Vor drei Monaten hat das Café eröffnet
Vor drei Monaten hat das Kaffeehaus in unmittelbarer Nähe der U-Bahn Feldstraße eröffnet. Eigentlich hat Alana in Hamburg Design studiert und ihren Master-Abschluss im englischen Brighton mit der Fachrichtung Nachhaltigkeit absolviert. „Ich hatte schon immer Lust, etwas in der Welt zu verändern“, sagt die 31-Jährige, die zuvor Veranstaltungen für faire Mode und Lebensmittelrettung organisiert hat. „Damit konnte ich aber kein Geld verdienen.“
In England hat sie das erste „Zero Waste“-Restaurant entdeckt. „Ich war begeistert“, sagt Alana. Bereits vor ihrer Rückkehr schmiedete sie den Plan, sich mit Ina selbstständig zu machen. Nur womit? „Ursprünglich wollten wir gar kein Café eröffnen. Für uns war es nur wichtig, nachhaltig zu arbeiten“, erzählt Ina, die in der freien Wirtschaft beschäftigt war.
Ware wird unverpackt geliefert
Die Hamburgerinnen lassen sich ihre Ware von Lieferanten unverpackt zustellen. Mittlerweile gibt es mehrere Geschäfte im Norden (siehe Infokasten), die ihre Produkte bewusst ohne Plastikhüllen verkaufen. „Absurderweise sind sie sogar teurer“, sagt Ina. Deswegen stellen sie im Café Aufstriche, Grillgemüse und Milch selbst her. Die Gerichte sind vegan oder vegetarisch.
„Es ist aufwendiger nach dem Zero-Waste-Prinzip zu arbeiten“, gibt sie zu. Eine heiße Schokolade wird im Marmeladenglas serviert, auf den Tischen stehen Stoffservietten in Dosen. Und selbst die Putzmittel werden aus Essig, Natron und Soda zusammengemixt und in Glasflaschen gefüllt. Anstelle von Spülmaschinentabs verwenden die Betreiberinnen und ihre sieben Mitarbeiter Pulver aus Salz. Bis auf die Kaffeemaschine und der Tresen sind alle Möbel gebraucht.

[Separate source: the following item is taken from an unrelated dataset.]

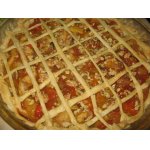 Застилаем тесто сверху бумагой для выпечки и насыпаем небольшой слой гороха (или т. п.) в качестве груза. Он не даст тесту подняться. Ставим основу пирога с грузом в горячую духовку (180 град.) и выпекаем примерно 15 минут. Затем убираем бумагу с горохом и допекаем корж до готовности - легкого золотистого цвета. (Еще примерно 5-10 минут). Опять же, если вам не столь принципиален внешний вид и разрез пирога, то основу можно выпечь и без груза. Можно чуть-чуть уменьшить пропорции в тесте, если хотите корж потоньше. И еще... Если будете печь пирог в холодное время года, обратите внимание на то, чтобы горох (груз) был теплый, комнатной температуры, а не с холода. Иначе время выпечки дна заметно удлинится, а бортики за это время могут начать подгорать.

Coffee-to-go-Becher gibt es nicht
Über dem Ladentisch hängt ein gerahmtes Bild, auf dem steht: „Deutschlandweit werden stündlich 320.000 Coffee-to-go-Becher weggeworfen. Wir haben nur Mehrwegbecher.“ Kunden bringen sich ihren eigenen Becher mit oder können für zwei Euro Pfand einen ausleihen. „Ich habe schon erlebt, dass Gäste wieder gegangen sind, weil wir keine Wegwerfbecher haben“, erzählt Ina, die in Wiesbaden geboren ist und ihre Wurzeln in Korea hat.
Die beiden Frauen, die vor einiger Zeit noch gemeinsam in einer WG gewohnt haben, leben auch privat mit niedrigem Müllverbrauch. Anstelle von Shampoo benutzen sie Haarseife, wenn sie sich Sushi beim Asiaten bestellen, bringen sie eine Frischhaltedose mit, und Käse gibt es nur von der Theke. „Man kann auf vielen Ebenen auf Müll verzichten, aber nicht auf allen. Der Idealzustand ist schwer zu erreichen“, sagt Ina. Für sie sei es besonders schwer, keine in Plastik verpackten Kosmetikartikel zu nutzen. „Meine Wimperntusche verwende ich trotzdem.“
Viele Gäste wissen nichts von "Zero Waste"
Bevor Alana und Ina das Café einweihten, haben sie zu Hause getestet, welche Gerichte am meisten Müll sparen. Herausgekommen sind unter anderem belegte Biobrote, hausgemachte Teigtaschen sowie Suppen und Salate zu fairen Preisen. Besonders beliebt ist das Frühstück am Sonnabend. „Am Wochenende ist hier die Hölle los“, erzählt Alana. Und weiter: „Der Tourismus ist hier regelrecht explodiert.“
Viele Gäste wissen nicht von der ungewöhnlichen Philosophie, wenn sie sich einen Kaffee bestellen. „Sie sind sehr überrascht. Aber die Rückmeldungen sind durchweg positiv“, sagt Ina. Sie hofft, dass das Geschäft ein Vorbild für andere Menschen ist. Wie schon der Slogan im Eingangsbereich andeutet: Die Erde ist schön – und soll es auch bleiben.
„In guter Gesellschaft“, Sternstraße 25, Di–Sa 9–19 Uhr, So 10–19 Uhr.
Einkaufen ohne Müll
In diesen Geschäften werden Lebensmittel, Getränke, Drogerieartikel und Haushaltswaren unverpackt angeboten. Und so funktioniert’s: Kunden bringen sich entweder selbst verschließbare Gefäße, Dosen, Flaschen und Beutel mit oder können sie zum Selbstkostenpreis im Laden kaufen. Der Kunde füllt sich von der Ware so viel ein, wie er braucht. Anschließend wird alles gewogen und kassiert. Eine Auswahl an „Zero Waste“-Geschäften in Hamburg:
Stückgut: Am Felde 91, Mo–Fr, 10–19 Uhr, Sa 11–17 Uhr.
Ohne Gedöns: Tannenhof 45, Mo, Di, Do, Fr 9–18.30 Uhr, Mi 9–14.30 Uhr, Sa 9.30–14.30 Uhr.
Bio.lose: Osterstraße 81, Mo–Fr 8-20, Sa 8-18 Uhr.
Twelve Monkeys: Hopfenstraße 15b, Mo–Sa 10–20 Uhr.